Stored records
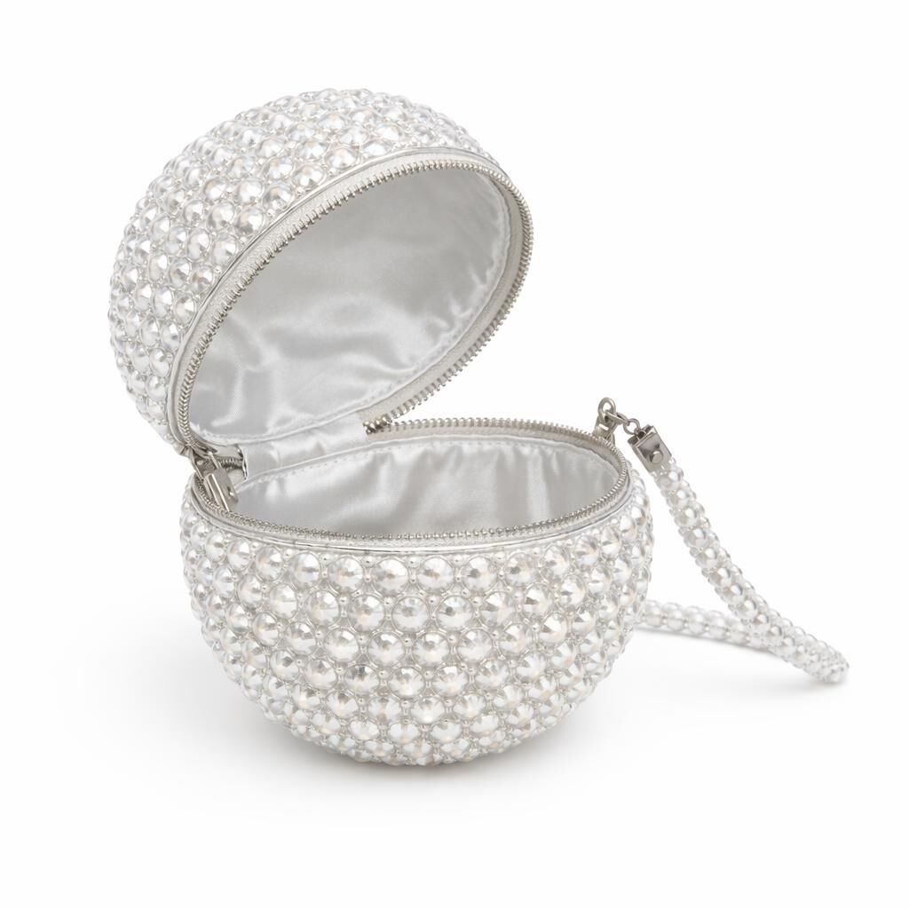 Modelin üst bölümünde yer alan metal fermuarlı kapatma sistemi, küresel yapıya entegre edilerek tasarlanmış; fermuar hattı, form bütünlüğünü bozmadan çantanın çevresini takip edecek şekilde konumlandırılmıştır. Fermuar çekme ucu ve metal aksesuarlar, kristal dokuyla kontrast oluşturmadan, dengeli bir parlaklık sunar.
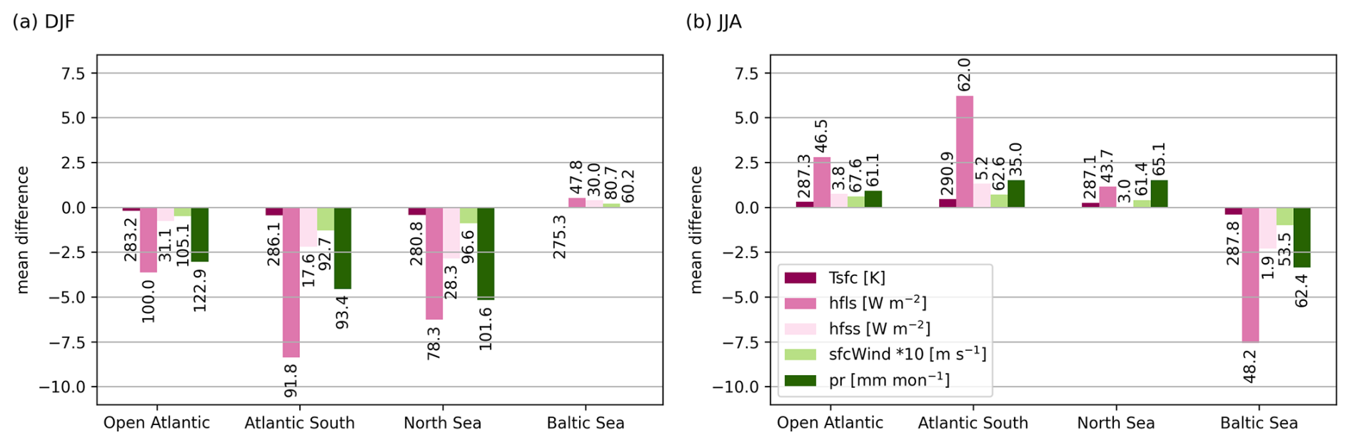 The mean values of precipitation and evaporation differences between ROAM-NBS and ICON-CLM are also provided for different ocean domains in Fig. 7, together with the differences for sensible heat flux (hfss), 10 m wind speed (sfcWind) and surface temperature (Tsfc). Tsfc over the (ice-free) ocean in ICON is equivalent to the SST. The absolute differences clearly show that the sign of the Tsfc difference determines the sign of the flux, sfcWind and pr differences. For example, for a lower Tsfc of ROAM-NBS as in the Open Atlantic, Atlantic South and North Sea boxes in DJF and the Baltic Sea box in JJA, also hfls, hfss, sfcWind, and pr are lower than in ICON-CLM. Accordingly, all differences in the Open Atlantic, Atlantic South and North Sea boxes in JJA are positive. The only exception is the Baltic Sea in DJF, where the spatially averaged Tsfc differences are very small (below −0.05 K). The absolute area-averages for ICON-CLM (given as numbers in Fig. 7) show that the fluxes, and therefore, also the flux differences become higher over a warmer ocean surface. Looking at the Atlantic South and the North Sea in DJF, for example, the Tsfc difference is very similar in both regions (−0.45 and −0.43 K, respectively), but the heat flux difference is larger for the Atlantic South (−10.57 W m−2 for the sum of hfls and hfss compared to −9.13 W m−2 for the North Sea). But the Atlantic South is, on average, warmer than the North Sea (286.1 K compared to 280.8 K). However, the absolute temperatures of the ocean surface cannot explain all differences; otherwise the fluxes would be much higher in JJA than in DJF. The temperature and humidity of the overlying air masses, as well as the mean wind speed, also have an influence. The sfcWind differences are shown as their interpretation is more straightforward than that of the momentum flux, which is given as u and v components. The sign of the sfcWind differences being in agreement with the flux differences shows that more mixing due to higher surface temperatures does not only result in stronger turbulent heat fluxes but also in more downward mixing of horizontal momentum and, thus, in higher near-surface wind speeds (and vice versa). In conclusion, SST biases, which are already present in NEMO-NBS and introduced into the coupled simulation, are directly reflected by the turbulent heat fluxes, near-surface wind speed and precipitation. However, these biases have no systematic impact on the land areas.
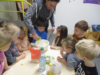 Leckere Waffeln zubereitet. Der Duft von frischen Waffeln zog durch die ganze Kindertagesstätte. Mmmhhh! Lecker, selbstgemachte Waffeln!
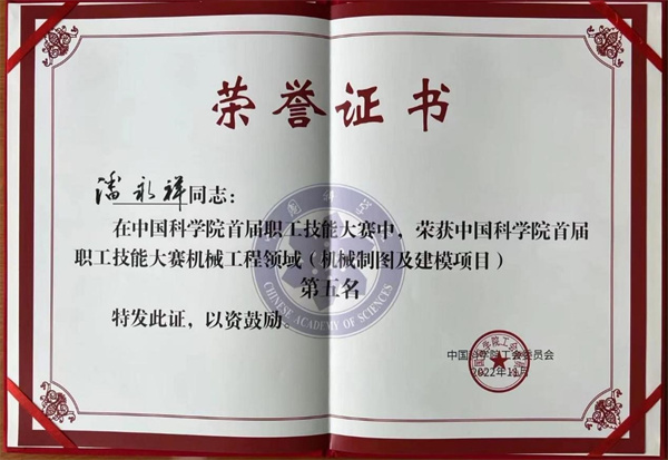 近代物理所通用技術(shù)中心機(jī)械準(zhǔn)直技術(shù)室共4名職工(含1名領(lǐng)隊(duì))參賽,其中陸海嬌同志參加了代表作展示比賽,榮獲第四名的優(yōu)異成績(jī)。潘永祥和楊振2名同志參加了線上的機(jī)械制圖和建模比賽,潘永祥榮獲第五名的優(yōu)異成績(jī)。
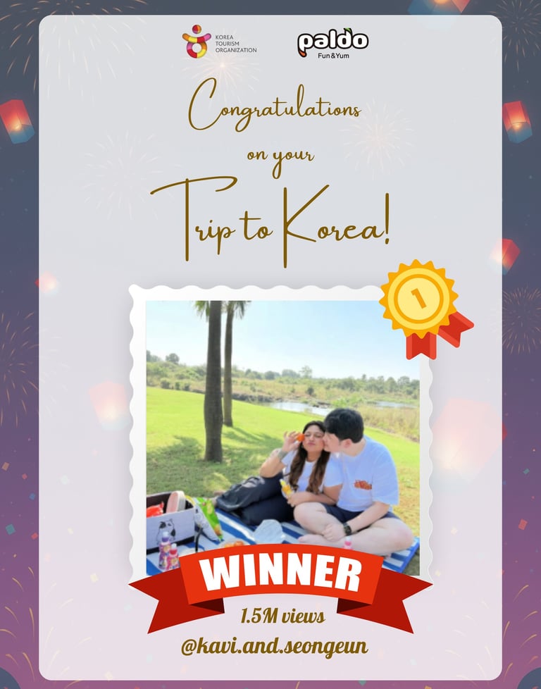 The top 2 winners will travel to Korea in the 4th week of December 2025 for an amazing Christmas experience and content shoot with KTO & Paldo Ramyun. If a winner is unable to participate, the opportunity will be offered to the next eligible participant.
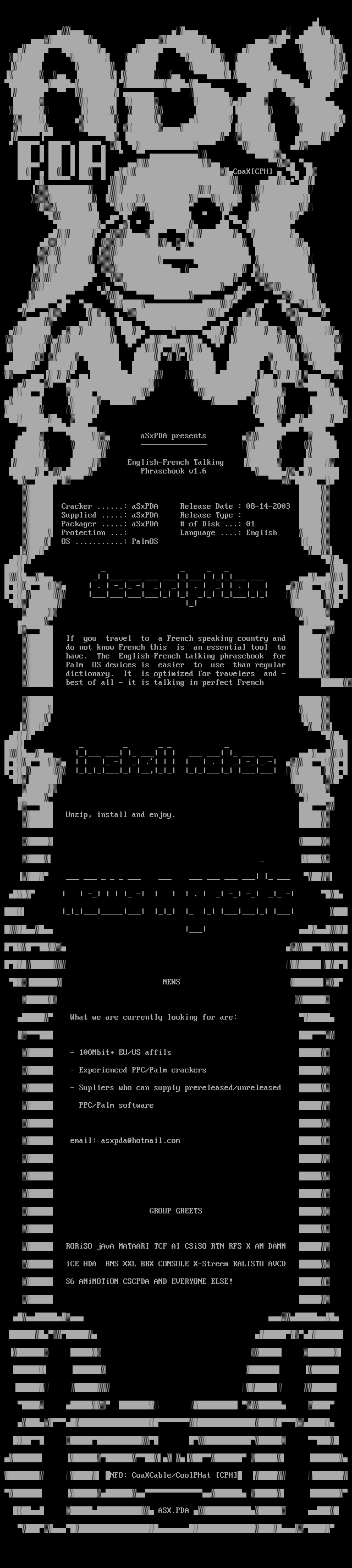 Cracker ......: aSxPDA Release Date : 08-14-2003
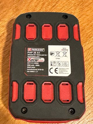 Batería Parkside 20V. La tenía olvidada en un cajón y cuando la he ido a utilizar no carga. Ideal para despiece o reparar.
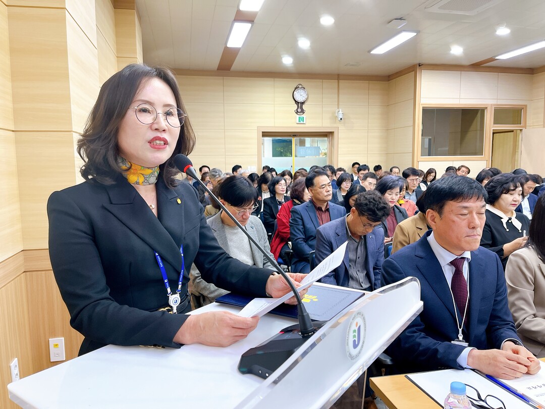 | ▲ 5일 변정빈 전남 나주교육장이 나주교육지원청에서 열린 2024년 전남도의회 교육위원회 행정사무감사에서 업무보고를 하고 있다. [강성명 기자] |
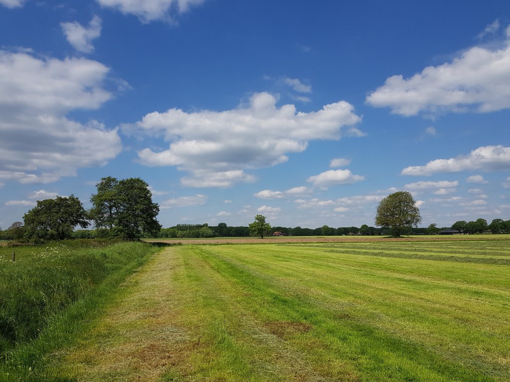 Gisteren kwam Rosanne om de trage tocht Leusveld met ons te lopen. We haalden haar op in Dieren en reden naar Eerbeek. De zon scheen en het was weer een mooie tocht met kleurige gele en witte velden, schitterende wolkenluchten, veel bos en mooie paadjes.
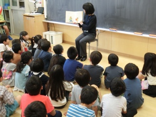 素話は、読み聞かせではなく、お話を語ります。今日は、ルーマニアの昔話「りこうなおきさき」、日本の昔話「みそ買い橋」、タイの昔話「マカトのたから貝」の3つのお話を聞かせてもらいました。

### How to complete this task
Reproduce exactly and only the lines from the one with "Gisteren kwam Rosanne" through the final line of the records above, inclusive. Pictures must be left out.

### Solution for this exercise
 Gisteren kwam Rosanne om de trage tocht Leusveld met ons te lopen. We haalden haar op in Dieren en reden naar Eerbeek. De zon scheen en het was weer een mooie tocht met kleurige gele en witte velden, schitterende wolkenluchten, veel bos en mooie paadjes.
 素話は、読み聞かせではなく、お話を語ります。今日は、ルーマニアの昔話「りこうなおきさき」、日本の昔話「みそ買い橋」、タイの昔話「マカトのたから貝」の3つのお話を聞かせてもらいました。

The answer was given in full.